Katie Salen from The New School and co-author (with Eric Zimmerman ) of Rules of Play, began by asking a number of questions including:
- What role does education play in teaching kids how to develop game for change?
- Is this a question of literacy?
- Are games for change a kind of radical text?
- What guidelines are there for games for change?
She
called education the “practice of freedom” and challenged whether game
designers should tackle social issues or embrace the status quo. She
warned about separating games for change from “regular” games… and
expressed that it was important to talk about game design and take the
position that all games can take part in that agenda. She contended
that it takes a fierce commitment and will to accomplish these goals.
Clay
Shirky then talked about the idea of openness and the issue of “who
cares?” He contended that it takes considerable intention and desire to
create to maintain an open project, using the Wikipedia as an example.
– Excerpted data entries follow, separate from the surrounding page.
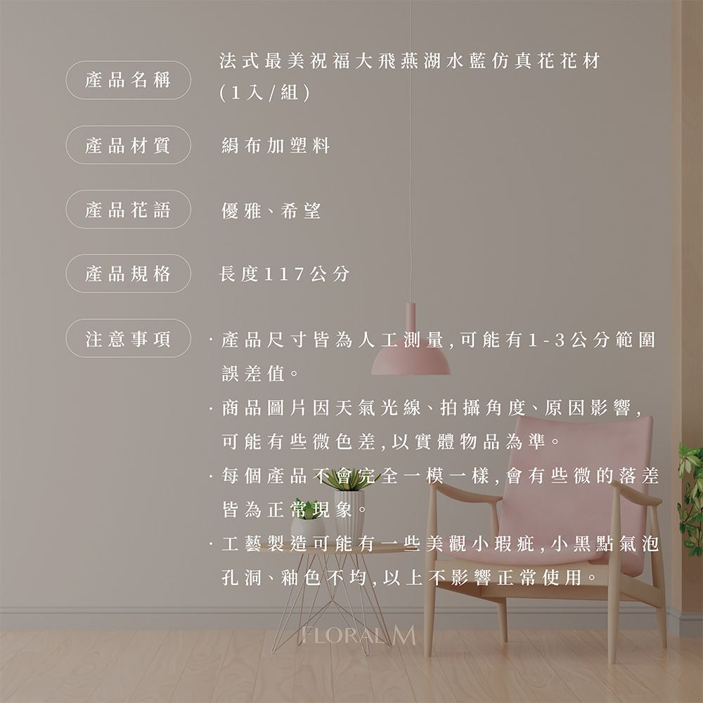 快速出貨🌷家居造景【Floral M】法式最美祝福大飛燕湖水藍仿真花花材(1入組) | NearMe | 線上送禮平台『獨家支援 收禮者改選禮物』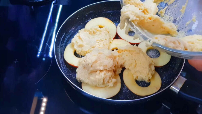 Niedawno znajoma poprosiła abym jej pomogła nakryć świąteczny stół. Gotowanie zajęło pół dnia! Ale kiedy przyszedł czas na upieczenie deseru, okazało się, że zarówno piekarnik, jak i wolnowar były zajęte. Ale nie można zostawić świąt bez słodyczy. Na własne ryzyko przygotowałyśmy ciasto z jabłkami na patelni. Okazało się jeszcze smaczniejsze niż w piekarniku!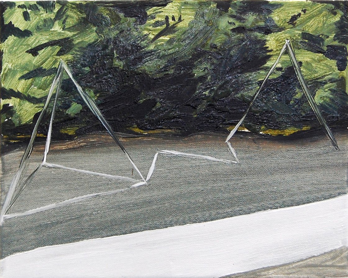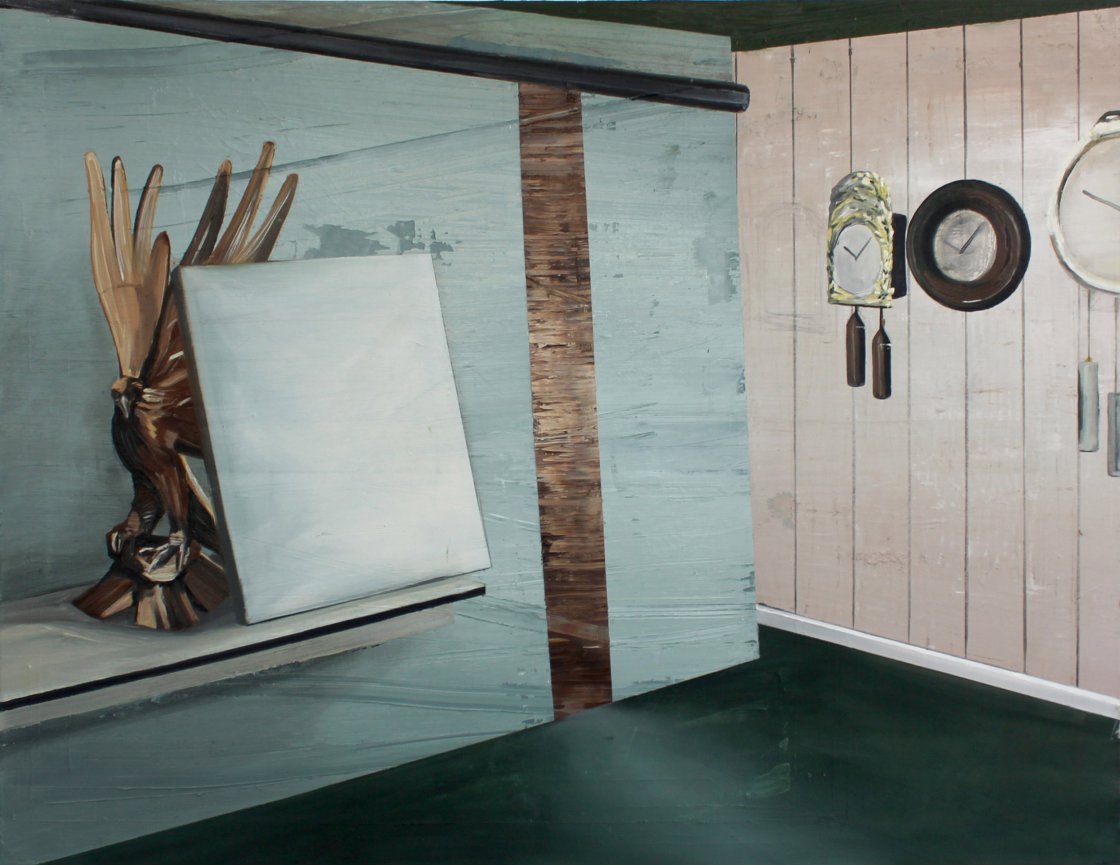 Janine van Oene is een echte schilder. Al schilderend bouwt zij haar werk doorwrocht en zorgvuldig op. Soms is een dikke onderschildering zichtbaar, bij een ander schilderijtje is juist het linnen nog zichtbaar. Vanaf een afstand is het een bijna fotografisch beeld van een aantal tentstokken langs de kant van de weg en groene bosjes daarachter. Met je neus er bovenop wordt het welhaast een abstract schilderij waarin een duidelijke penseelstreek de tentstokken verbeeldt en de weg een brede kwaststreek lijkt. Van Oene maakt haar ruimten in vreemde perspectieven en zet er voorwerpen en elementen neer die de kijker verleiden tot afvragen wat ze betekenen: een leeg doek, een houten vogel, drie klokken. Het is een gevaarlijk spel waarin het schilderij moet blijven wat het is zonder dat de voorwerpen een eigen leven gaan leiden.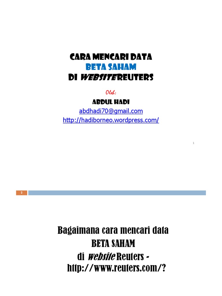 Cara Mencari Data Beta Saham di Website Reuters | Hadi ... Cara Mencari Data Beta Saham di Website Reuters. Pencarian data atau info keuangan untuk keperluan riset atau penulisan tugas akhir melalui website atau webblog tertentu, terkadang bagi sebagian mahasiswa sangat sulit dan membingungkan, karena mereka belum tahu cara memanfaatkannya. Oleh karena itu, melalui tulisan ini diharapkan semua masalah ...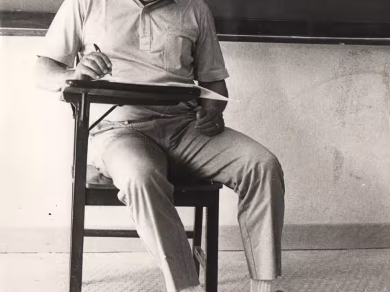 O prof. José Arthur Borges Cabral em sala de aula. Recebera o Prêmio Pierre Lucie, após 30 anos de dedicação à PUC-Rio.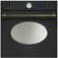 Встраиваемый духовой шкаф Smeg SF800AO относится к коллекции Coloniale: его отличает стильный фасад цвета антрацит, овальное стекло в дверце и фурнитура цвета латуни в ретро-стиле. Модель легко встраивается в колонну вместе с другой бытовой техникой благодаря стандартной ширине 60 см. Камера большого объема 70 литров позволяет разместить противни на пяти уровнях, снабженных металлическими направляющими. В верхней части фасада находится панель управления, включающая два поворотных программатора для задания температуры приготовления и режима работы, а также аналоговые часы с функцией таймера. Электронный контроль позволяет выбрать температуру приготовления с точностью до одного градуса. Температура может быть задана в диапазоне от 50 до 250 градусов. Максимальное время готовки, которое можно выставить при помощи таймера, составляет 180 минут. Устройство оснащено верхним и нижним жаром, грилем и вентилятором. В числе 6 режимов приготовления можно выделить режим ECО, сочетающий максимальную температуру и минимальные затраты электроэнергии.
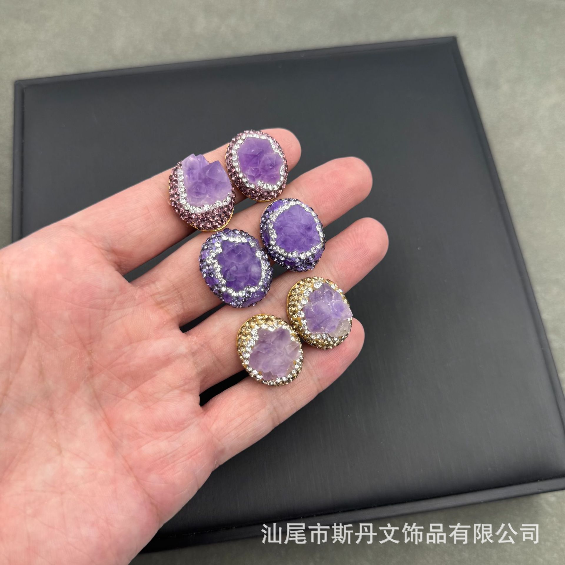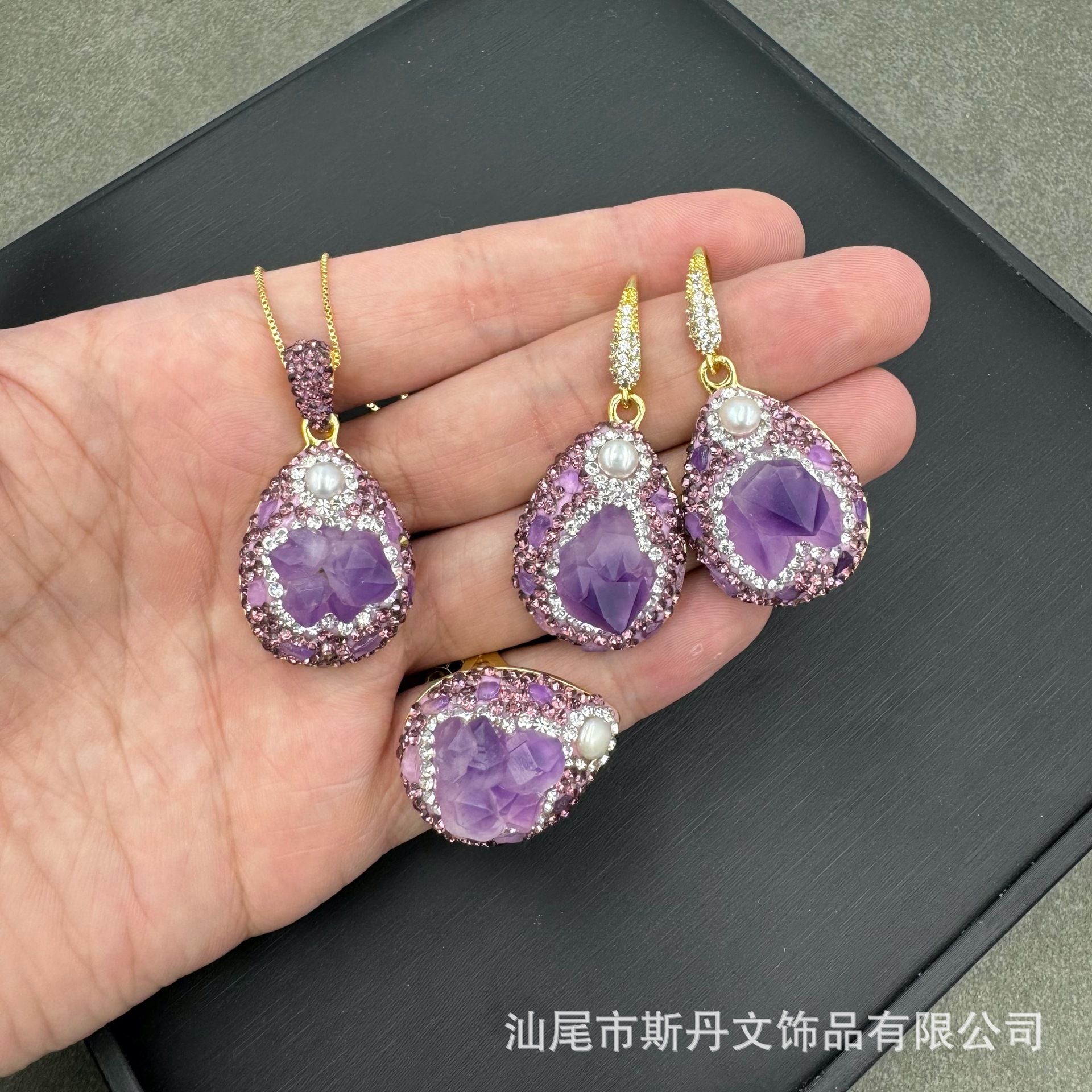 新型天然紫晶花真珠三点セットの大衆個性モザイク原石碧璽毛衣チェーン工場卸売り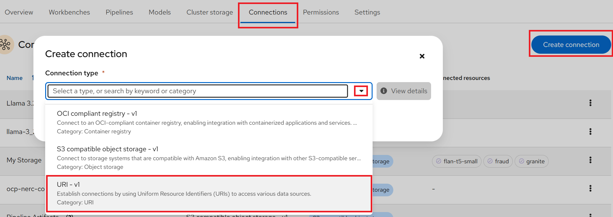 In your OpenShift AI project, go to the Connections tab and click the "Create Connection" and then choose the URI connection type as shown below:
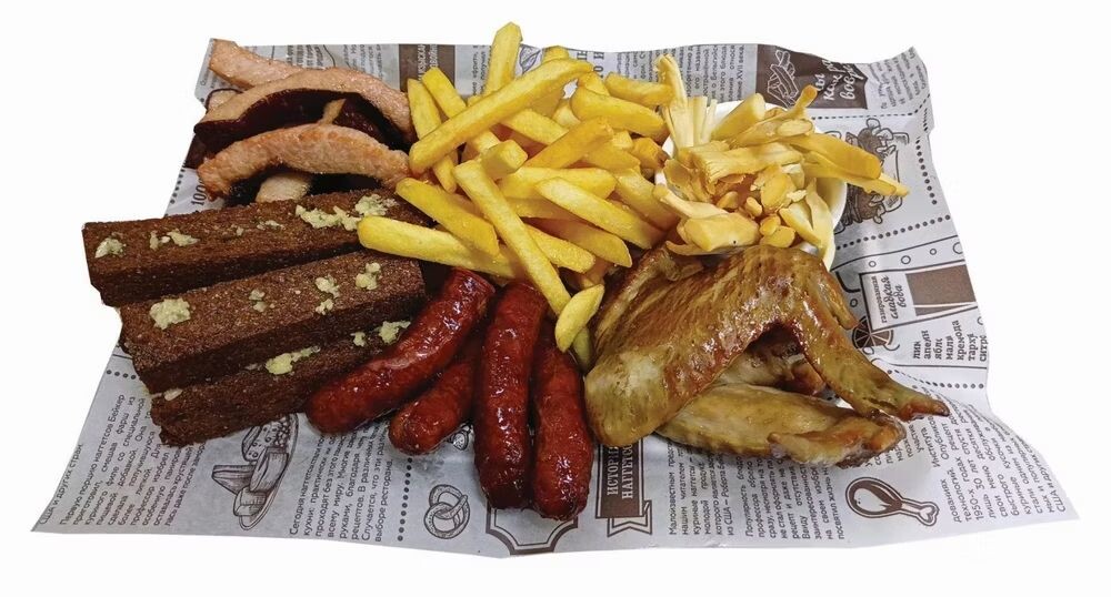 Обжаренный бекон, охотничьи колбаски, копчёные куриные крылья, картофель фри, сыр косичка, гренки.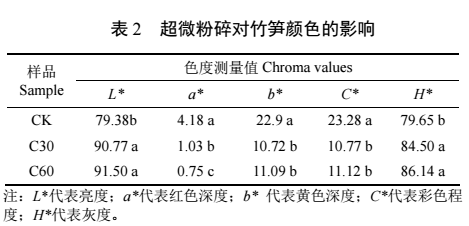 從表 2 可見 2 種超微粉各測量值非常相近,并且與粗粉有較大差異。超微粉的 L*值明顯升高,而b*則減小了將近一半,a*值也顯著減小,表明與粗粉的淡黃色相比,超微粉的黃色明顯下降,顏色更為白亮。測量過程中,粗粉的色度值變化較大,而超微粉的色度測量值變化波動較小,表明超微粉的顏色較均勻。因此,超微粉碎能很好改善竹筍粗粉顏色不均,偏黃偏暗的不足,相比于化學(xué)方法的漂白增白,純物理作用的超微粉碎更安全,對營養(yǎng)成分影響更小。超微粉色澤顯著改善主要由于其粒徑減小后,顆粒間混合更均勻,同時比表面積的增大,物料內(nèi)部會顯露出來,從而影響到物料的顏色。粒徑和顏色的均勻性是食品輔料的重要指標,竹筍超微粉均勻的粒徑和顏色,對于其外觀品質(zhì)有很大提高,使其更適合于作為主輔料應(yīng)用于食品加工中。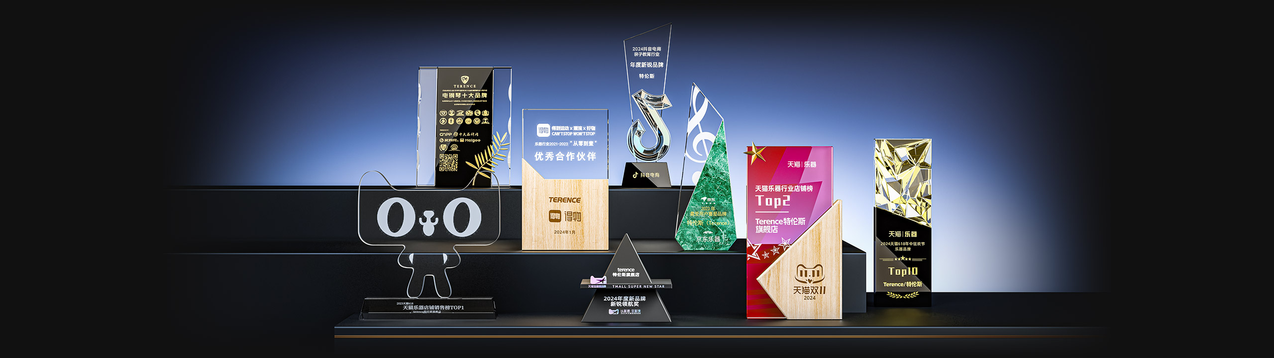 特倫斯樂器旗艦店榮獲:2022年天貓樂器行業TOP1、2023年天貓618樂器行業TOP1、2024抖音電商年度新銳品牌、2024天貓樂器店鋪TOP2、2024天貓年度新品牌新銳領航獎、2023年京東最受用戶喜愛品牌等獎項;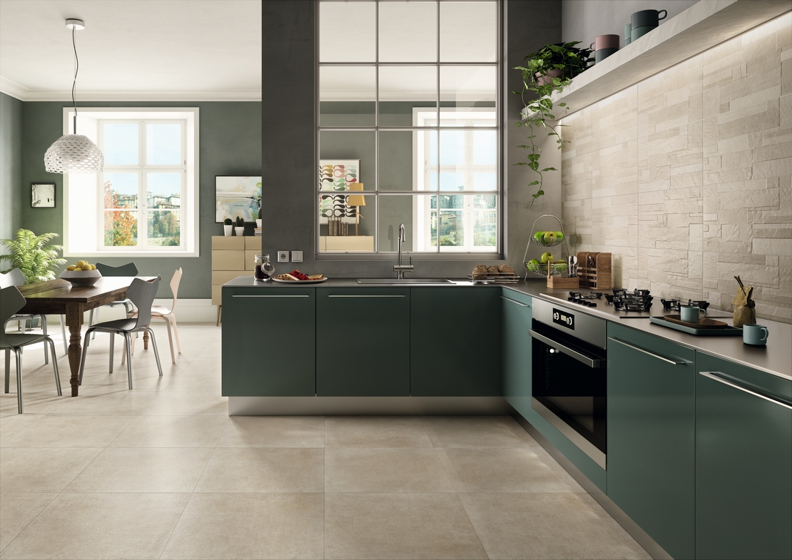 Welcher Bodenbelag eignet sich am besten für eine nordische Küche in einem offenen Raum? Die heute immer häufiger gewählte Lösung ist die Kombination von Bodenbelägen, bei der zwei verschiedene Bodenbeläge ausgewählt werden, die jeweils für den Arbeitsbereich der Küche und den Ess- und Wohnbereich bestimmt sind. Ein Beispiel? Das Klassischste: Einen echten Holzparkettboden für den Wohnbereich reservieren und für den Ess- und Küchenbereich Feinsteinzeug mit Stein- oder Betoneffekt wählen. Auf diese Weise wird der widerstandsfähigere Bodenbelag dem schmutzigeren Bereich zugewiesen und man gönnt sich ein klassisches Holzparkett im Wohnzimmer. Eine Wahl, die dem offenen Raum auch Rhythmus verleiht und die verschiedenen Funktionen unterteilt.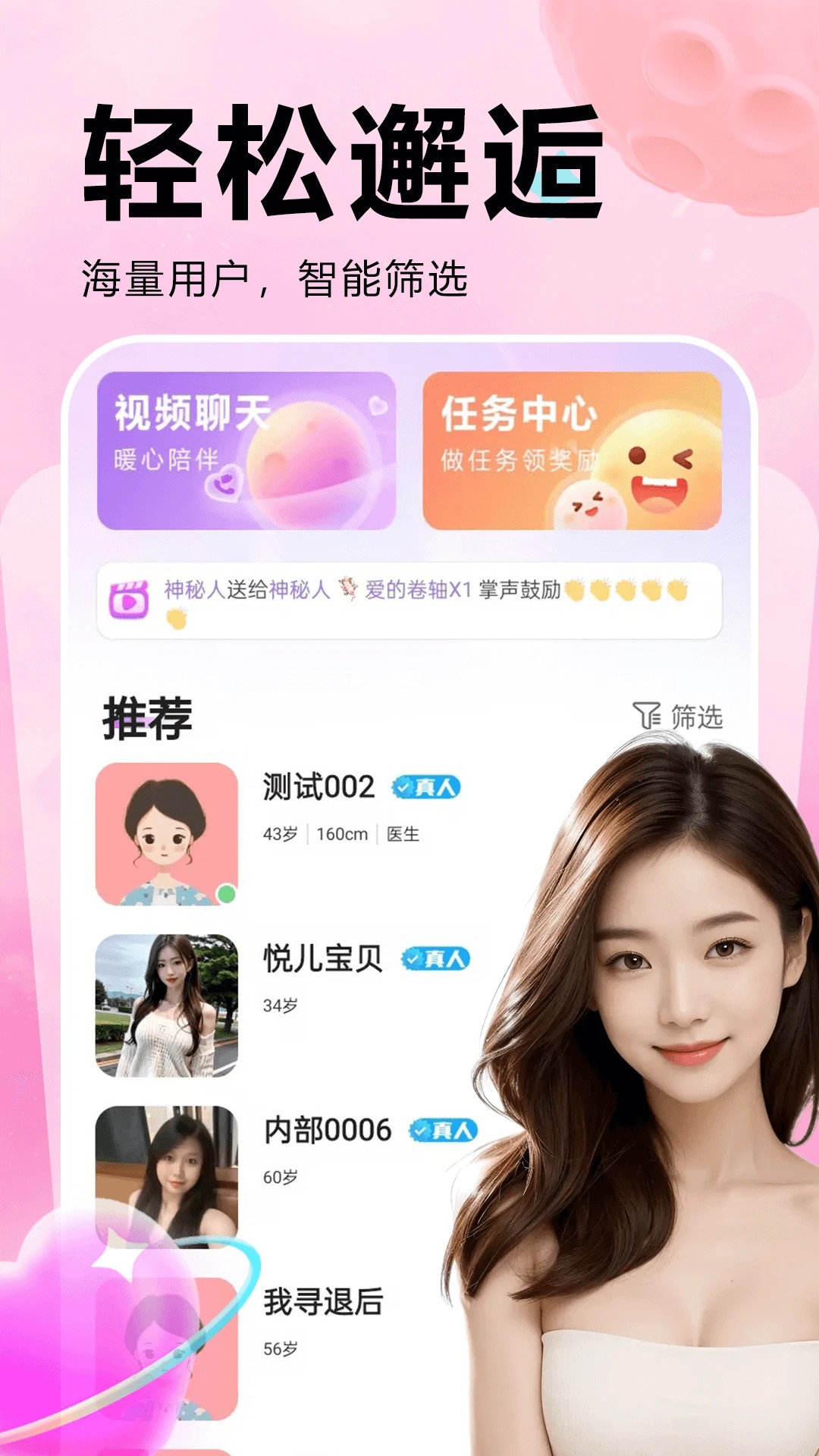 4、无论是文字聊天还是实时视频通话,您都可以在约会中享受令人满意的沟通体验。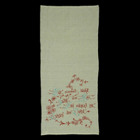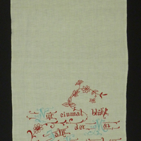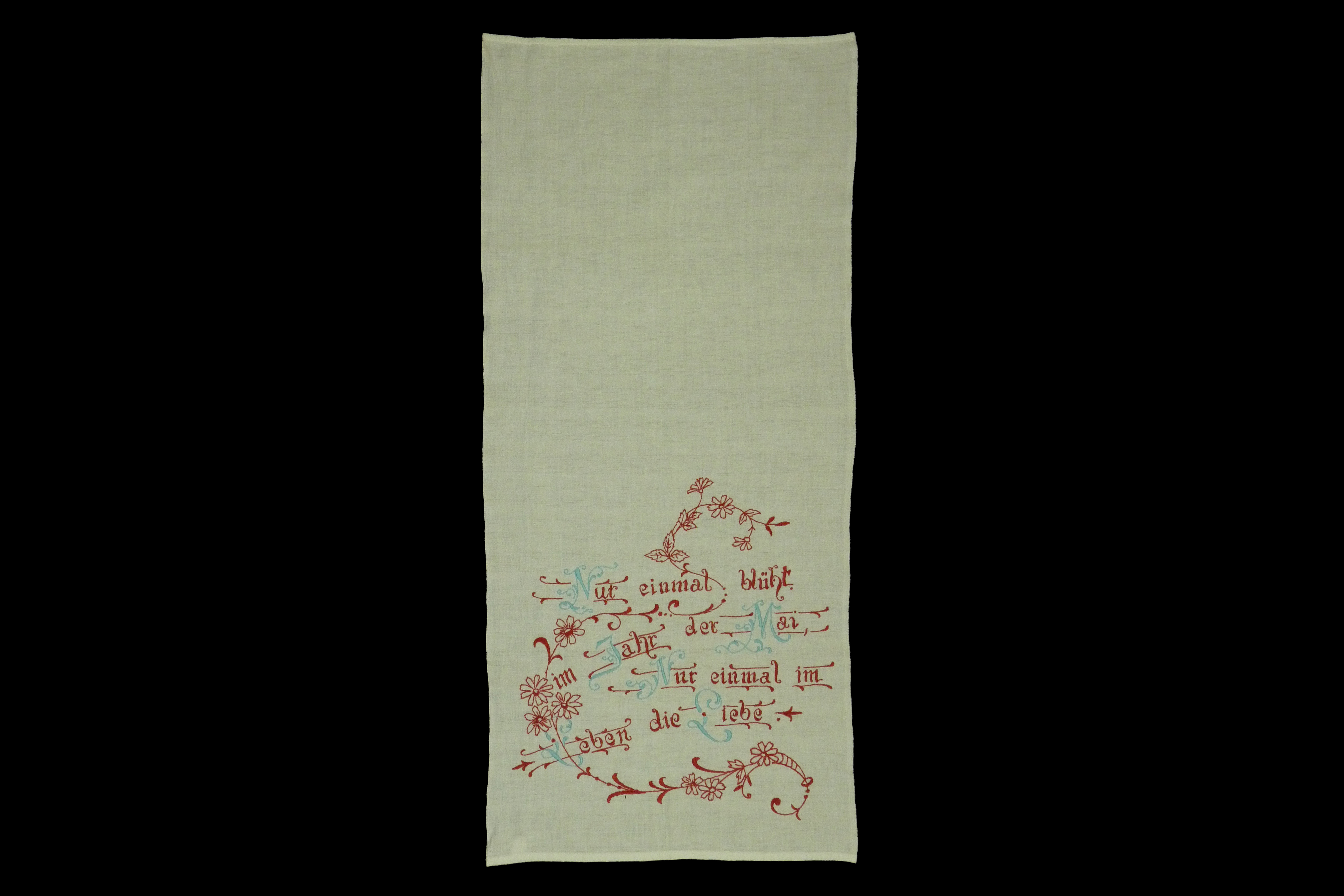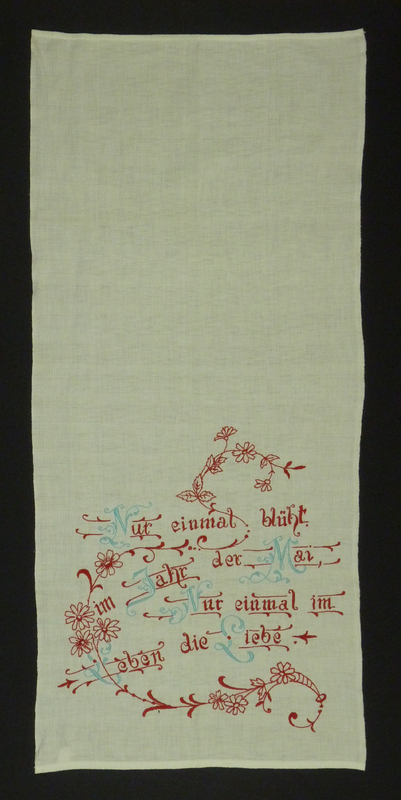Die untere Hälfte des Handtuchs mit einem Spruch mit rotem Faden bestickt, wobei die Großbuchstaben jeweils blau sind. Spruch "Nur einmal blüht / im Jahr der Mai, / Nur einmal im / Leben die Liebe". Um den Spruch schlängeln sich florale Girlanden.

“The Wikipedia looks like an object, but it is a source of low-level
disagreement. It is maintained by a small group who cares enormously,
who are constantly staving off hostile edits. Without that small group
of dedicated individuals, the hostile edits could destroy the Wikipedia
in a matter or days.”
He
continued that the vast majority of open source projects never get off
the ground, and of those that do, most fail. Openness creates a
phenomenal bonus to community, especially by getting that community to
care and spur a communal effort. There is a productive argument about
what could and should happen. But the issue of who cares is central. If
nobody cares, it will fail. He mentions an experiment by the Los
Angeles Times to create a “wikitorial” in which people could edit other
people's editorials. It was pulled within two days because nobody cared
enough what happened to the edits, not even the original writers who
had made their point and didn't seem to want to follow up. You must
have motivation for open source projects to work.
Katie
Salen talked briefly about the game mechanics – that designers should
look for what will work best for the type of subject you are tackling,
and to look at meta game opportunities, as well.
Celia
Pearce talked about the fact that, in more passive media, such as the
novel, the experience is about empathy. In contrast, games are about
agency. It's about what decisions you make.